Upon the State's motion, a trial court shall impose an extended-term sentence in accordance with N.J.S.A. 2C:43-6(f) which provides:
A person convicted of . . . possessing with intent to distribute any . . . controlled substance . . . under N.J.S.A. 2C:35-5, . . . who has been previously convicted of manufacturing, distributing, dispensing or possessing with intent to distribute a controlled dangerous substance or controlled substance analog, shall upon application of the prosecuting attorney be sentenced by the court to an extended term as authorized by subsection c. of N.J.S.A. 2C:43-7, notwithstanding that extended terms are ordinarily discretionary with the court.In sentencing a defendant to an extended term pursuant to N.J.S.A. 2C:43-6(f), the court may impose a prison term between five and ten years for convictions of third-degree crimes. N.J.S.A. 2C:43-7(a)(4).

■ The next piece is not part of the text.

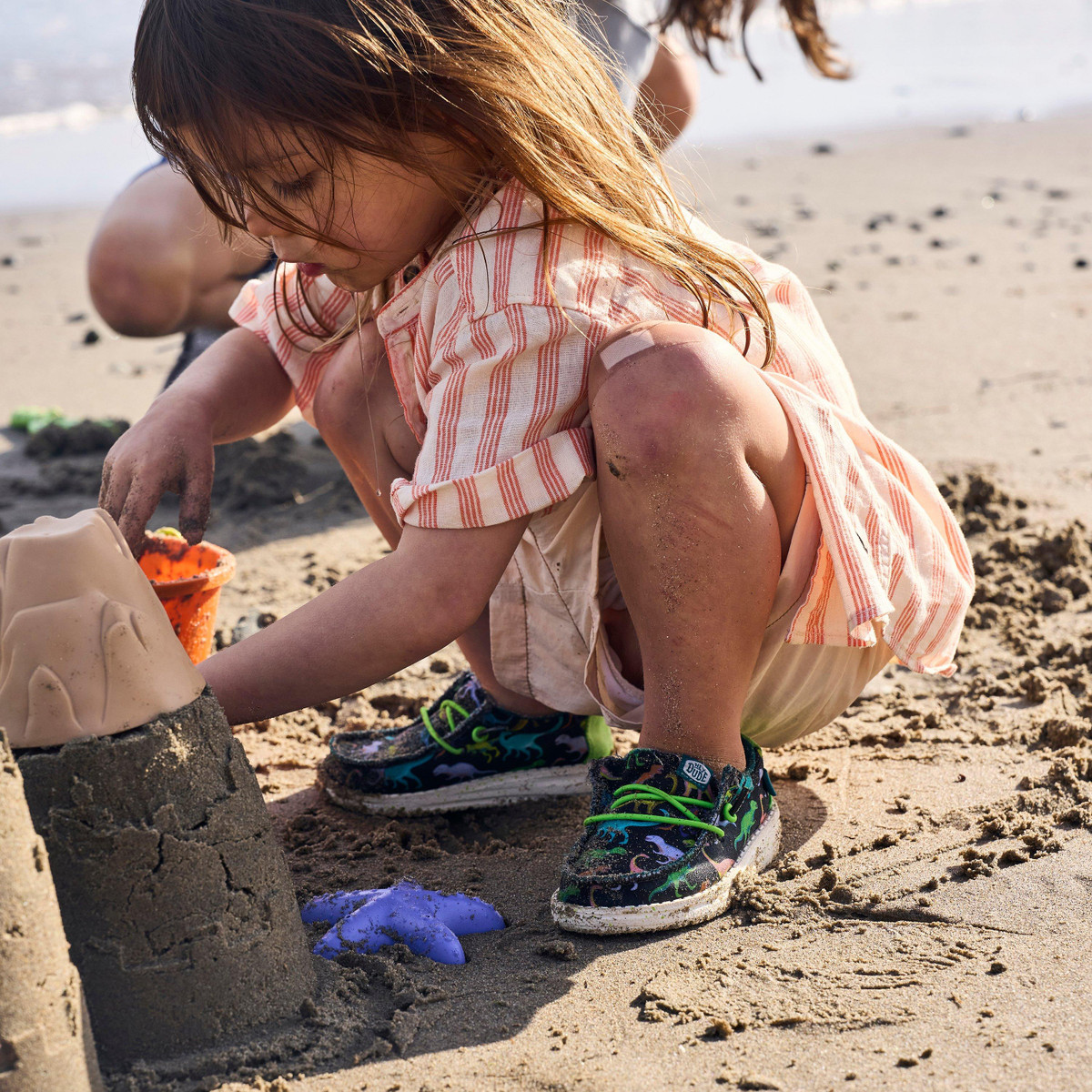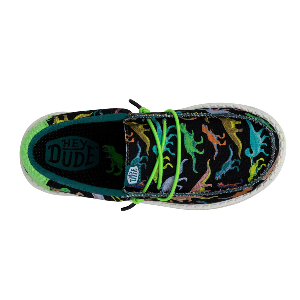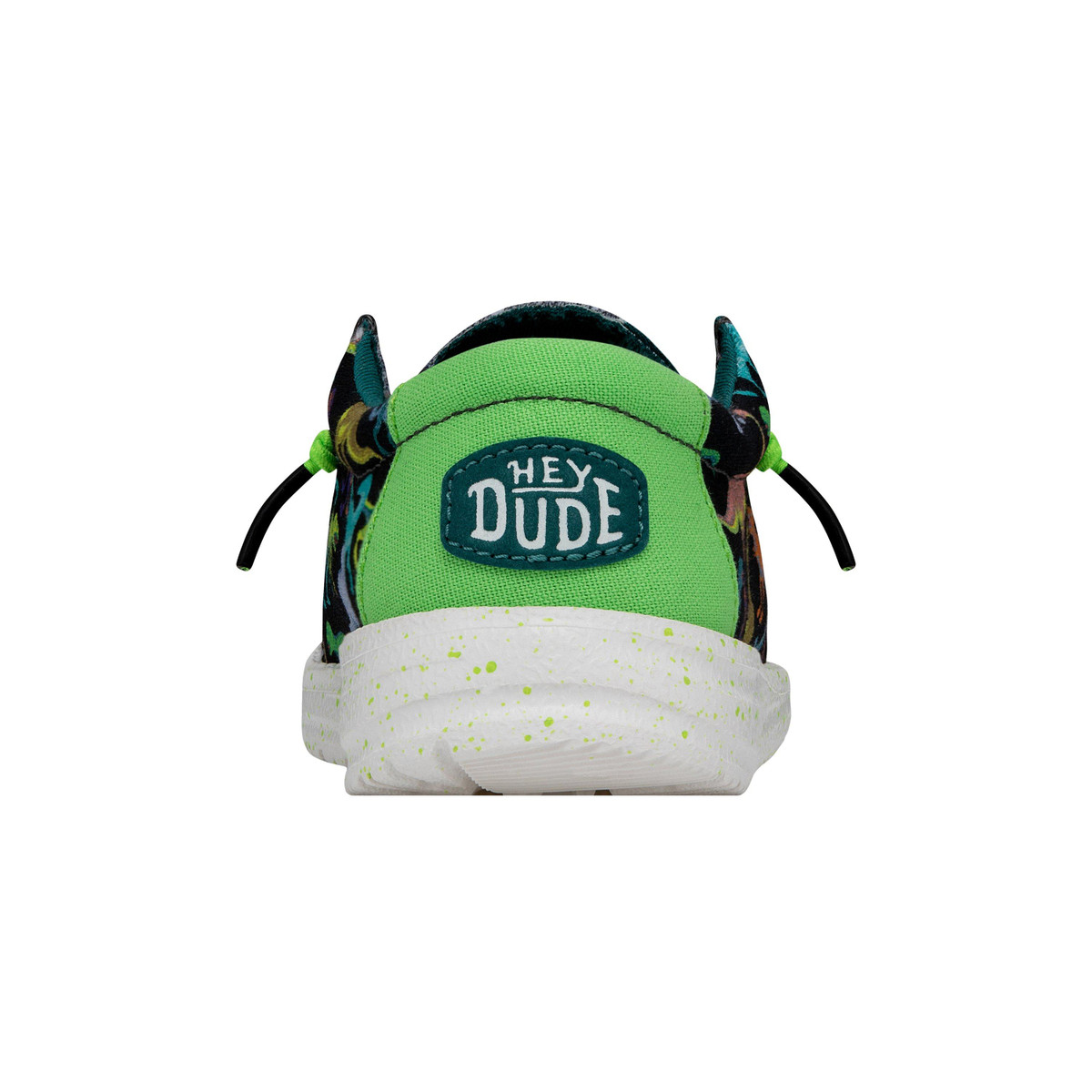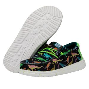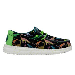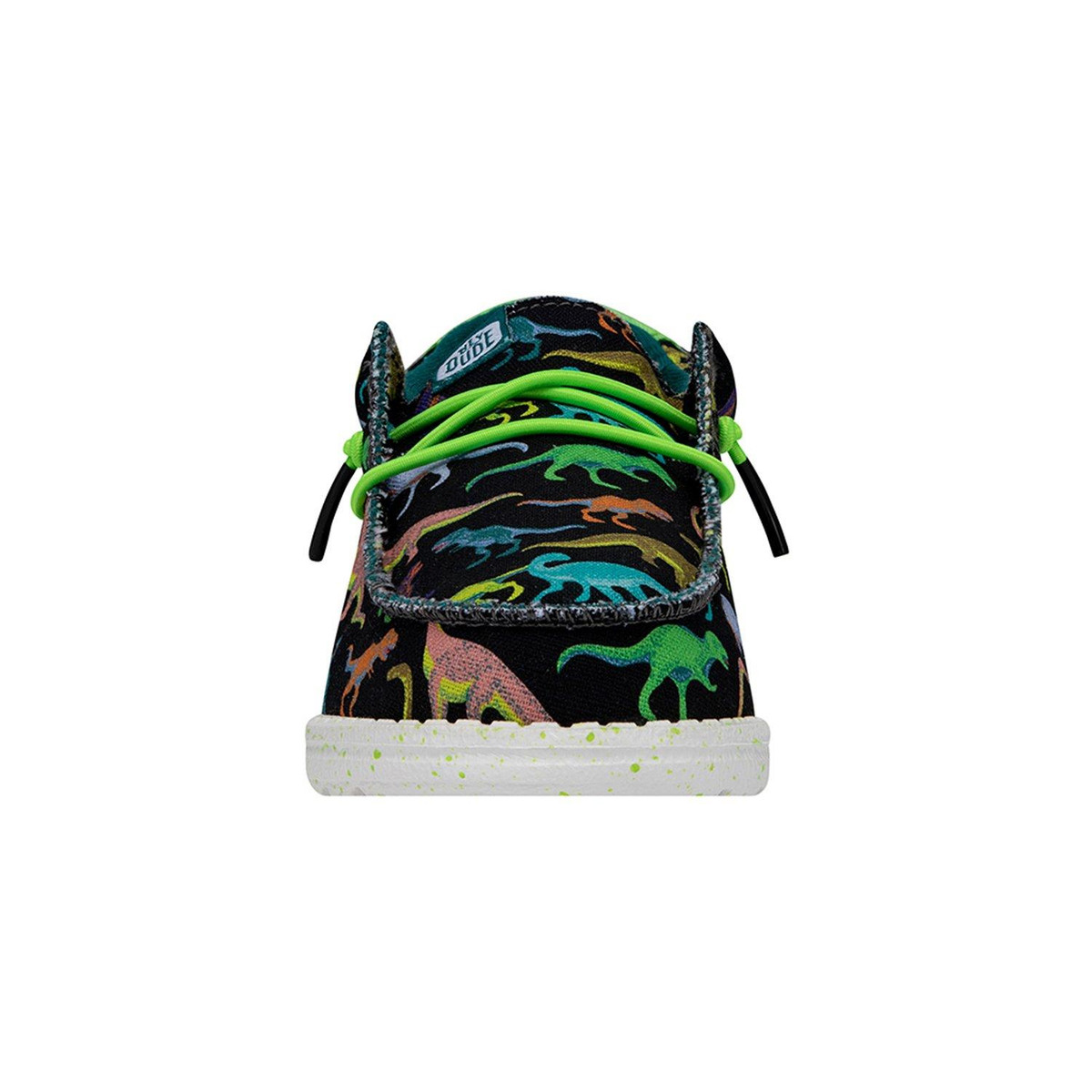 The HEYDUDE Wally Dino shoes, designed to bring comfort and style to your little one’s adventures. These adorable shoes feature a playful dino themed design that’s bound to capture the imagination of your toddler. The canvas upper is soft and lightweight, ensuring breathability and easy movement. With the signature Flex & Fold technology by HEYDUDE, these shoes provide unparalleled flexibility and support.

In accord with the record, the judge appropriately granted the State's motion for an extended term sentence. The sentence is consistent with our sentencing guidelines and does not shock the conscience. Therefore, we shall not disturb the trial court's extended term.
The remaining sentencing issue involves the State's contention that the judge failed to set a period of parole ineligibility on the sentence imposed for counts four and eight, as required by N.J.S.A. 2C:35-7. We agree.
N.J.S.A. 2C:35-7 provides that any person guilty of possession of cocaine within 1000 feet of a school zone,
is guilty of a crime of the third degree and shall, except as provided in N.J.S. 2C:35-12, be sentenced by the court to a term of imprisonment. . . . [T]he term of imprisonment shall include the imposition of a minimum term which shall be fixed at, or between, one-third and one-half of the sentence imposed, or three years, whichever is greater, during which the defendant shall be ineligible for parole.
N.J.S.A. 2C:35-12, provides for a waiver of mandatory minimum and extended terms for cases where "the defendant has pleaded guilty pursuant to a negotiated agreement or, in cases resulting in trial, the defendant and the prosecution have entered into a post-conviction agreement, which provides for a lesser sentence, period of parole ineligibility or anti-drug profiteering penalty."
In State v. Kearns, 393 N.J. Super. 107, 113 (App. Div. 2007), we concluded that the mandatory minimum period of parole ineligibility is compulsory and the failure to set one would make the sentence illegal, subject to correction at any time. Such change may be made by the court sua sponte. See State v. James, 165 N.J. Super. 173, 178-79 (App. Div. (1979). Thus, the sentence should be modified to specify a period of parole ineligibility under N.J.S.A. 2C:35-7.
We affirm the convictions, but remand for resentencing consistent with this opinion. We do not retain jurisdiction. I hereby certify that the foregoing is a true copy of the original on file in my office.